News of the Day, Monday, September 24, 2007

  • Biggest news—violent crime up 1.9% last year, mainly murders, robberies, and arsons, getting close to back to 2002 levels before the steep crime drop occurred. These, by definition, can’t be the guys who went in for violent crimes over the last 5 years or so because we’ve sent them away for longer and forced them to serve more time, either through 85% laws or highly restricted parole (except in CT apparently). These are guys who, if reoffending, more likely went in as nonviolent and came out otherwise (and yes, I know some nonviolent have violents, I can even give you numbers) or, more likely, guys who really don’t know or care about those laws because they’ve deduced, clever as they are, that their odds of getting caught, with the general lack of resources in law enforcement compared to prisons, aren’t that high. Probably haven’t been that high . . . up until now. In either case, it’s clearer than ever before that filling our prisons is not going to stop violent crime. We need to put violent guys away but stop turning nonviolent ones into violent, and we’ve got to funnel our scarce resources into the front end, into juv justice and cops and specialty courts and prevention efforts, and into back end measures that have much better demonstrated payoff on reduced crime, like substance abuse treatment, than prison has been shown to have. Let’s find the people who just can’t be out or they’ll hurt people and make sure they’re the ones locked away in the space we can afford. If they’re coming out, then we can’t keep messing up like this. Reentry efforts have to be intensified, and release supervision has to be adequately funded. Of course, there’s always the future of TECHNOCORRECTIONS. That’ll be much better.
  • I’ve traveled along the Canadian border before and often wondered this myself. What if all the traffic across the border--immigrants, terrorists, drugs--doesn’t conveniently go through our checkpoints?
  • CT really does seem to have problems with its parole screening process, and the gov there has enforced her own priority assessment criterion—violent offenders don’t get parole.
  • If you missed the “60 Minutes” piece on pot shops in CA, you can get a written version as well as the original here.

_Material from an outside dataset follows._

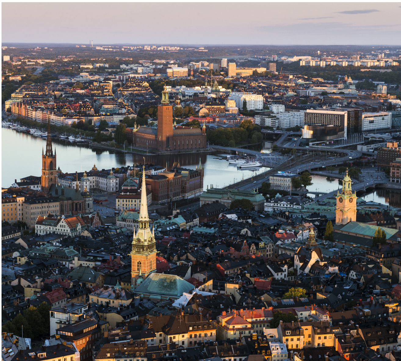
Vista de Estocolmo.

  • AZ is bringing in $8 m. in fed dollars to help with meth treatment programs.
  • Speaking of drug treatment, Naltrexone has been shown to have some moderate impact on alcohol dependence, but some doctors think that, given the different ways drugs affect people, it may have even more benefit for those more predisposed toward it (duh), such as those with a family history of dependence. Initial studies are indicating they’re right.
  • Mayor of Powell, WY, decided to try out ankle bracelets for four days. Was able to water ski (!!) but: "I tell you what," Mangold told the paper, "I don't want to be a criminal and have to wear one of those." I’d say that’s a good example for other policymakers, but I’m not sure how many would want their whereabouts tracked for 96 straight hours. (h/t
  • Meanwhile, AK (Alaska, not Arkansas) is adding bedspace, needing 2000 more beds in 5 years. Won’t that pretty much mean, like, everyone living in AK? (Just kidding, Teri.)

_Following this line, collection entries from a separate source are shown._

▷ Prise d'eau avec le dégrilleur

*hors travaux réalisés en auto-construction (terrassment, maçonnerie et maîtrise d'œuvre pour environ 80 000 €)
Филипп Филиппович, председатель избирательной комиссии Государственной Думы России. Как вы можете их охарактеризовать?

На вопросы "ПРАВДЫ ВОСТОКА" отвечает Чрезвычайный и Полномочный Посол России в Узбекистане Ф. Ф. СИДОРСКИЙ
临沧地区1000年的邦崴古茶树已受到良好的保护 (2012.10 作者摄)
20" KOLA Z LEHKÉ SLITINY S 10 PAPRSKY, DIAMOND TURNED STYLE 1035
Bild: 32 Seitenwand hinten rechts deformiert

  • State reactions in AL (Alabama, not Alaska) to the duel between the good prosecutors there and the bad one who sits in the AG chair. Prosecutor actually does the right thing, refuses to seek death for a murder accomplice who didn’t actually pull the trigger since the triggerman can’t be executed. Wants proportionality in punishments, imagine that. AG says that it would be justice for the offender’s family to suffer the government’s killing of a loved one who didn’t end anyone’s life while the murderer lives. Steps in to reverse the DA’s decision, brings on deluge of “who’s in control here?” State DA association supports their own. Conclusion of those interviewed for the story: Politics, just politics. Shocker. The thing is, it wasn't politics until the AG stuck his nose in. Wonder who's running for governor there someday?
  • We tend to forget that not only do prison guards have to get by on low pay (in most states) and put up with crap none of the rest of us could stand, but occasionally they pay the ultimate price. I’ve worked with enough of these guys now to know how hard the job is and how great the loss when one goes down. Take a moment, if you have time.